▸ **Problem statement**: Drop the images; return everything else in the listing below exactly.

▸ **The data**:
BEGIN
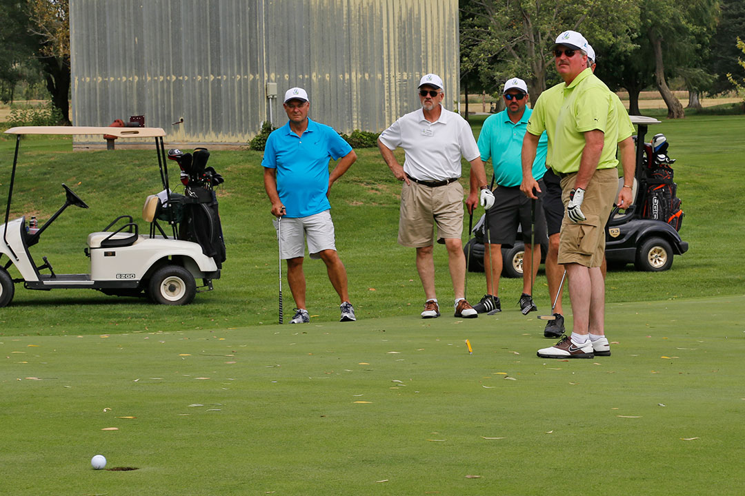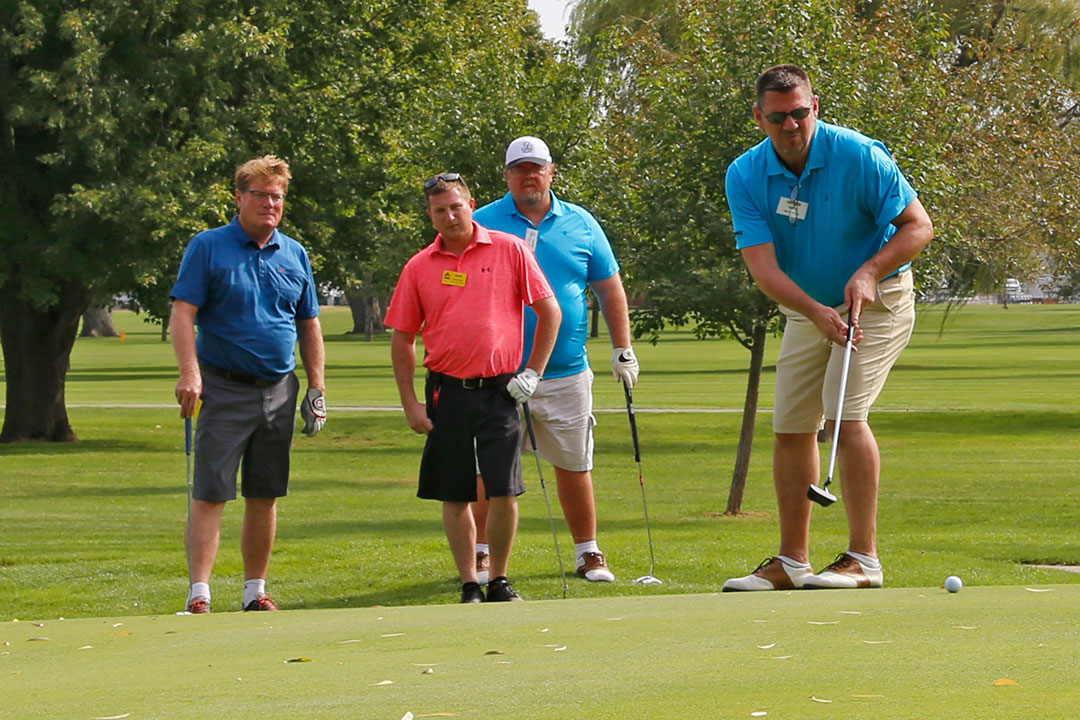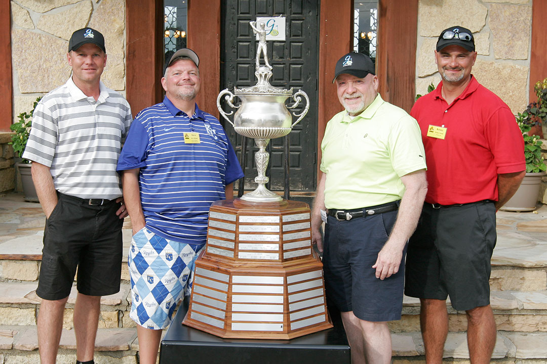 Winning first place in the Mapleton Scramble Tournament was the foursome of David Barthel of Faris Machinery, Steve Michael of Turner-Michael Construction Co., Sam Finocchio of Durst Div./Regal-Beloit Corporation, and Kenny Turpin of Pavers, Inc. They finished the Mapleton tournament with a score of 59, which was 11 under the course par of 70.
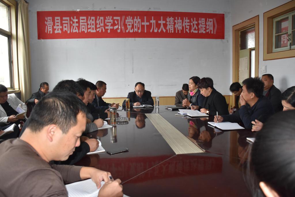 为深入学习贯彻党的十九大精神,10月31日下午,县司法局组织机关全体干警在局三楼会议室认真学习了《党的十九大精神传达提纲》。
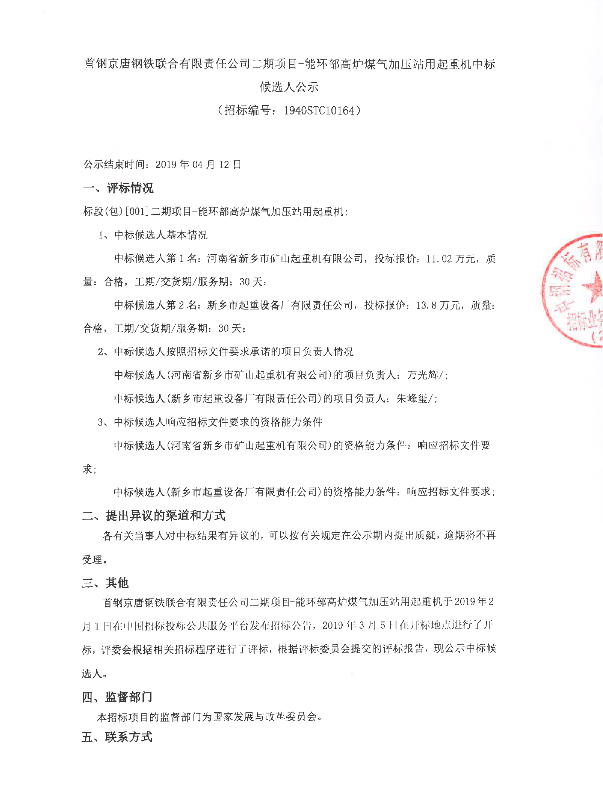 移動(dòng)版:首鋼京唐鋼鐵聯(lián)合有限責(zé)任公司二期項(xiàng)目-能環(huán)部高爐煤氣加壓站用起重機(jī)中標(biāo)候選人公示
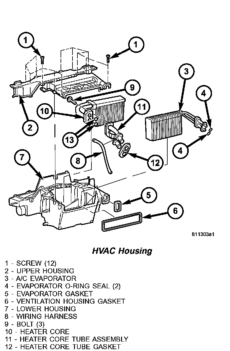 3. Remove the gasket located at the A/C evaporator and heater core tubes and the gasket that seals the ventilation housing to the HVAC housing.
END
▸ **Answer for this exercise**:
 Winning first place in the Mapleton Scramble Tournament was the foursome of David Barthel of Faris Machinery, Steve Michael of Turner-Michael Construction Co., Sam Finocchio of Durst Div./Regal-Beloit Corporation, and Kenny Turpin of Pavers, Inc. They finished the Mapleton tournament with a score of 59, which was 11 under the course par of 70.
 为深入学习贯彻党的十九大精神,10月31日下午,县司法局组织机关全体干警在局三楼会议室认真学习了《党的十九大精神传达提纲》。
 移動(dòng)版:首鋼京唐鋼鐵聯(lián)合有限責(zé)任公司二期項(xiàng)目-能環(huán)部高爐煤氣加壓站用起重機(jī)中標(biāo)候選人公示
 3. Remove the gasket located at the A/C evaporator and heater core tubes and the gasket that seals the ventilation housing to the HVAC housing.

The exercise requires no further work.